** EXERCISE DATA follows **

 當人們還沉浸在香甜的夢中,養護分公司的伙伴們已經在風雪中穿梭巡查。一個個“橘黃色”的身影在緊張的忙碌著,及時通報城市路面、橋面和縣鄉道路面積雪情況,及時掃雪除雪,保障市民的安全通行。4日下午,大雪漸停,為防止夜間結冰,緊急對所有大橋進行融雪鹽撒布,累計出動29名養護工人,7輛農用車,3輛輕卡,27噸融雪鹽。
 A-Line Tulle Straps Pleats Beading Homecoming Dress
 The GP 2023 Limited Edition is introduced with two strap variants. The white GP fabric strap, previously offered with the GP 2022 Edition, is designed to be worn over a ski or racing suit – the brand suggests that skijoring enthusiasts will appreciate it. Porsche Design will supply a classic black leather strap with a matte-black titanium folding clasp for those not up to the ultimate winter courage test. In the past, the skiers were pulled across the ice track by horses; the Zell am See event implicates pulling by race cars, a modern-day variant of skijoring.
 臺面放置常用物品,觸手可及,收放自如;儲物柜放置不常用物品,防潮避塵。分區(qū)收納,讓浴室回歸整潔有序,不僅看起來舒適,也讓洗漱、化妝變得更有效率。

** End of EXERCISE DATA **
** EXERCISE DATA follows **

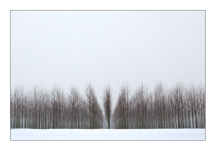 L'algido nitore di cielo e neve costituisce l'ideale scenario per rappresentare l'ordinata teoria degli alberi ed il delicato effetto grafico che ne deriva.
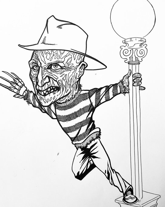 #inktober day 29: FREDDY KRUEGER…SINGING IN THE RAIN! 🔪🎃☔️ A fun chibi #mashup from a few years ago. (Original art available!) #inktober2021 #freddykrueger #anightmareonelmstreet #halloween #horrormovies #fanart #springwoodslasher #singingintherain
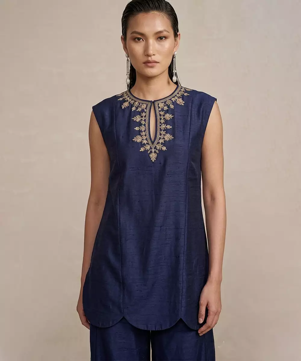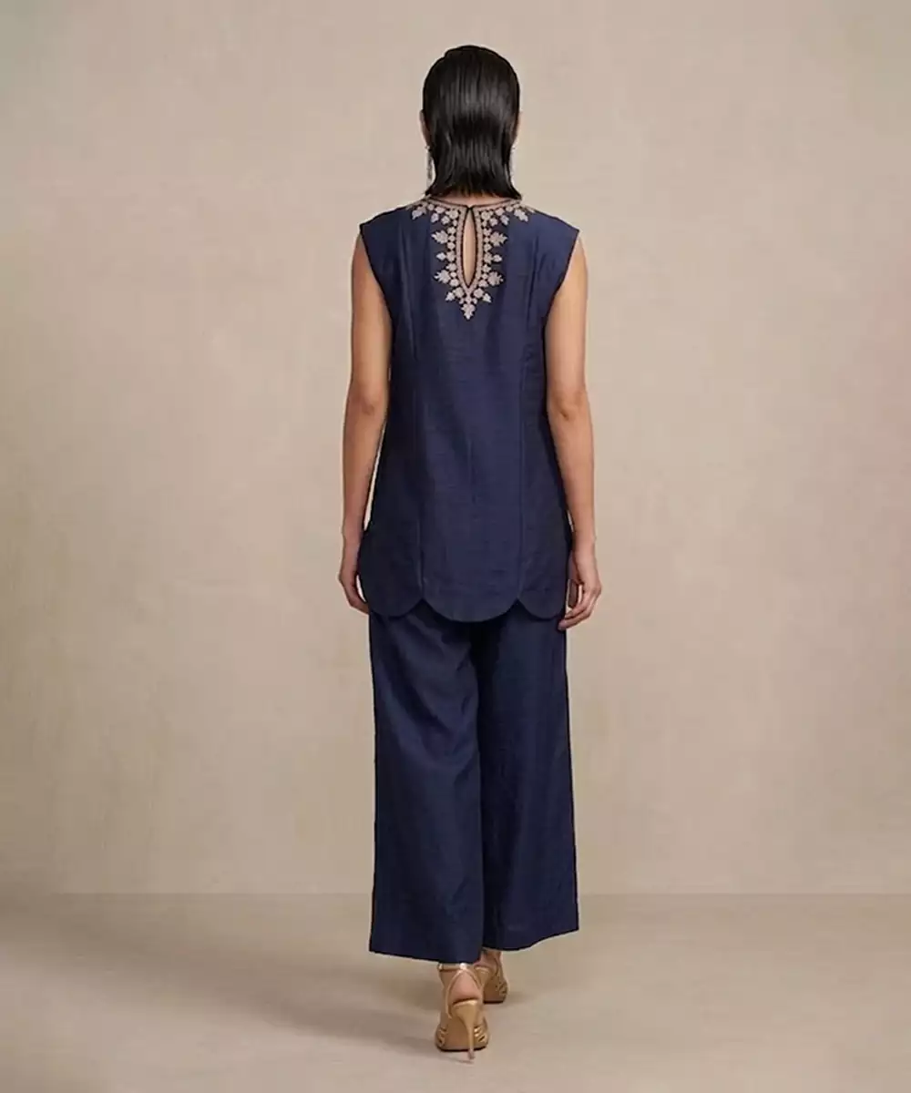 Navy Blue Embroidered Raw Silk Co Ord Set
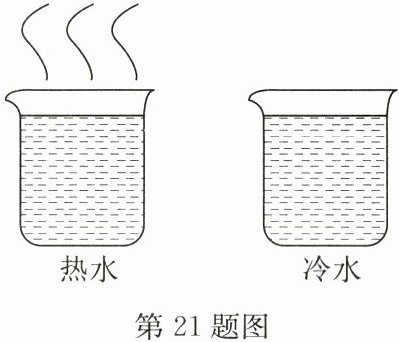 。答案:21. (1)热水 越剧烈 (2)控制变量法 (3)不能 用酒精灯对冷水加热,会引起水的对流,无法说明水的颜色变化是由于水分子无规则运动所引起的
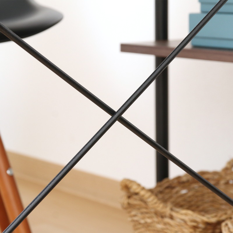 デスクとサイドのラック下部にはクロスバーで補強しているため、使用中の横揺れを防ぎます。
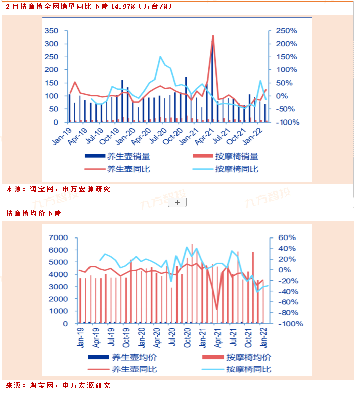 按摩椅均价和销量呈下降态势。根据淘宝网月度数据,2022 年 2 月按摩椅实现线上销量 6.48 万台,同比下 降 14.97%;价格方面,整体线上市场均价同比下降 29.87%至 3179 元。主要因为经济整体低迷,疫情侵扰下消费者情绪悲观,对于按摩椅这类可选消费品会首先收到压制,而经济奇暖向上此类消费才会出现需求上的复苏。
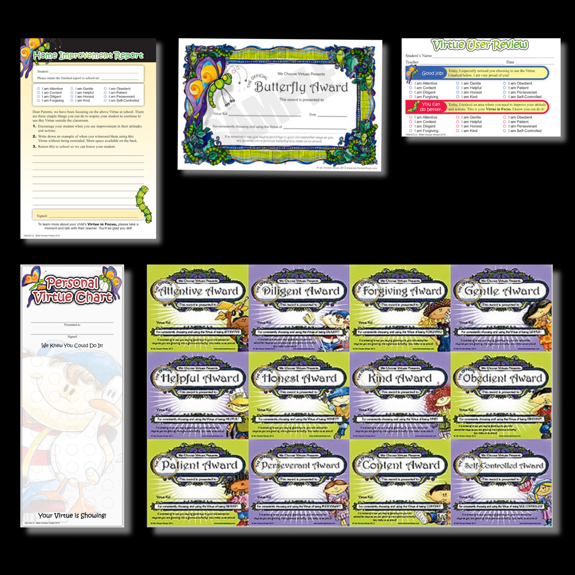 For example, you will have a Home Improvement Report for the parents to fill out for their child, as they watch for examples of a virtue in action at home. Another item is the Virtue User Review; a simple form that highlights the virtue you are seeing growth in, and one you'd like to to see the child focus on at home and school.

** End of EXERCISE DATA **
** EXERCISE DATA follows **

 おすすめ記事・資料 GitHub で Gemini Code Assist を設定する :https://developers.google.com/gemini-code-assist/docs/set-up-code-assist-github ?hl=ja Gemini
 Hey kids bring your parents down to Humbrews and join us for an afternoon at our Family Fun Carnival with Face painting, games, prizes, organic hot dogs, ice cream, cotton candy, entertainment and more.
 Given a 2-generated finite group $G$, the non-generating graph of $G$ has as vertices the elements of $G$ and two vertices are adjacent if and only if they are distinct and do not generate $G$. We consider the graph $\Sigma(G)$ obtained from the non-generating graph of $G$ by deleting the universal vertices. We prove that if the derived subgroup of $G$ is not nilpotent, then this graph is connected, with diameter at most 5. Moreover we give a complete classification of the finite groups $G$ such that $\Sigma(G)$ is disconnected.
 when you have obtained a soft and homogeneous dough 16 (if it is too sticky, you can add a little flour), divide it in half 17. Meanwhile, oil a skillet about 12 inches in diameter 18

** End of EXERCISE DATA **

*EXERCISE AIM*
Your answer must be everything above from the line with "按摩椅均价和销量呈下降态势。根据淘宝网月度数据,2022 年 2" down to the line with "For example, you", word for word, and no pictures.

*RESULT*
 按摩椅均价和销量呈下降态势。根据淘宝网月度数据,2022 年 2 月按摩椅实现线上销量 6.48 万台,同比下 降 14.97%;价格方面,整体线上市场均价同比下降 29.87%至 3179 元。主要因为经济整体低迷,疫情侵扰下消费者情绪悲观,对于按摩椅这类可选消费品会首先收到压制,而经济奇暖向上此类消费才会出现需求上的复苏。
 For example, you will have a Home Improvement Report for the parents to fill out for their child, as they watch for examples of a virtue in action at home. Another item is the Virtue User Review; a simple form that highlights the virtue you are seeing growth in, and one you'd like to to see the child focus on at home and school.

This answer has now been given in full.